AH: You said that the applications for borrowings will only be opened by 15 September. By that point presumably, you'll have a very good understanding of how much money is in the fund. You've been talking R5 billion. How confident are you that you'll get to those kinds of figures?
SE: Our structure doesn't require us to have all the money on a particular day. You can start and you roll this. It's not something which is closed and then starting. You don't want to be sitting with R5 billion on your balance sheet and not having lent one cent. We don't expect to have all of our capital to deploy upfront, you deploy it as you grow your base.
WW: 100% confident we will raise the money. If the country and our institutions don't have an appetite for this, I'm living in the wrong country and in a parallel universe. I'm that confident. We really are thinking outside the box.
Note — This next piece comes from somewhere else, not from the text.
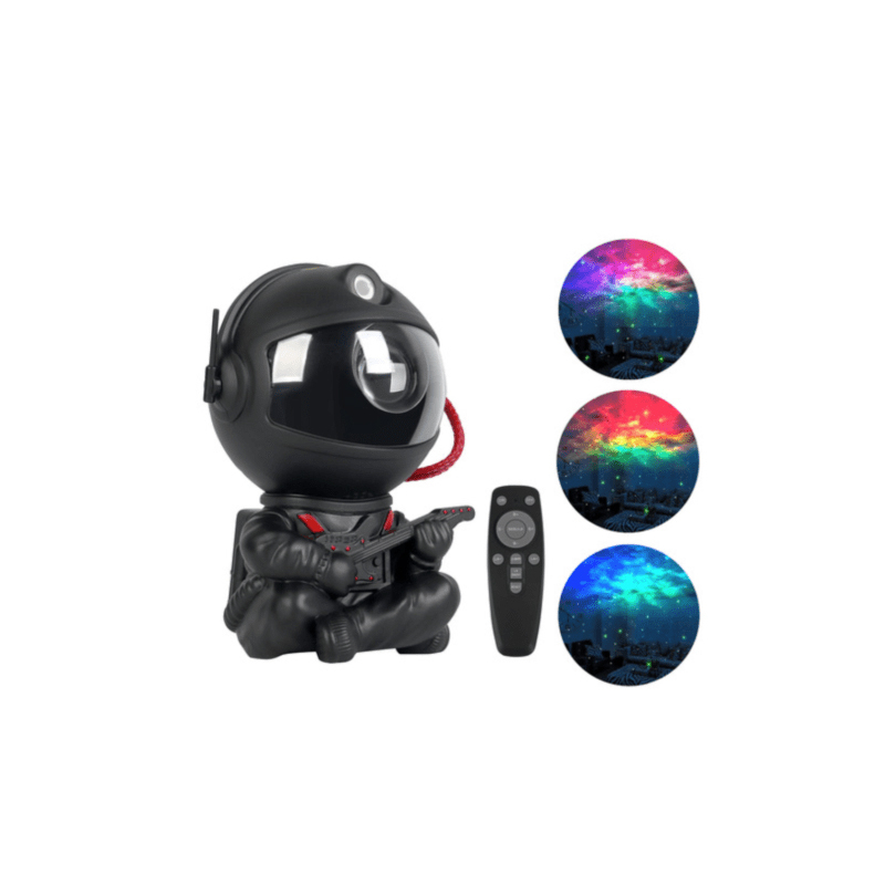 CaracterísticasMúltiples efectos de galaxia: 8 efectos de nebulosa diferentesControles inteligentes: brillo y velocidad de las estrellas ajustablesMultifunción: modo nebulosa y luz estelarCronometraje sin esfuerzo – Dos modos de cronometraje: 40min, 90minProyección de 360°: ángulo de proyección totalmente ajustableQué hay en la caja– Proyector Astronauta sentado– Control remoto– Cable USB– Manual de usuarioDATOS TECNICOS:– Color de la nebulosa: Multicolor (monocromo controlable)– Material de la carcasa: ABS/PVC– Potencia de salida: 5V/1A– Longitud del cable USB: 1 m– Tamaño: 12,5 cm. x 8,5 cm. x 7,6 cm. aprox.– Tipo de enchufe: USB– Longitud de onda del láser: 523 mm– Potencia del LED: 5 W– Alimentacion control remoto: 2 pilas AAA (no incluidas)– Peso neto del producto: 280 g

We see the absolute need and if we've gotten this wrong, I need to seriously be introspective about what I'm thinking and reading and watching on TV.
MB: I fully support what Warren has said but let me say it further. I think that what we are looking for is such a small piece of the pie. If you look at the amount of money that's ideally circulating at the top of the capital pyramid and you just take a fraction of that and convince people how it's going to circulate back into their businesses by creating clients. Our ambitions are small and this thing has got the propensity to be 10 times the size that I'm talking about at the moment. And I think what's gonna happen, like it always does, is we've got to find one or two blocks of capital that are convinced and want to be the lead steers and the anchor tenants. Our biggest challenge, we don't want to draw a whole bunch of money upfront that we can't spend because we're going to get the money market rate on that and that doesn't really work for us. We really don't know, I think our ambition is modest and the need that we are seeking to fill is a huge multiple of this bit of capital that we started to raise.
AH: Thank you for being with us today, It's been a real pleasure to be in on the ground floor, if you like, on a very, very exciting project that we'll be following with quite a lot of interest over the next few months. BizNews is a media partner in Kisby. We are very excited about the fund, we think that it's going to be a game-changer in South Africa and we are privileged to be part of the process of giving it exposure.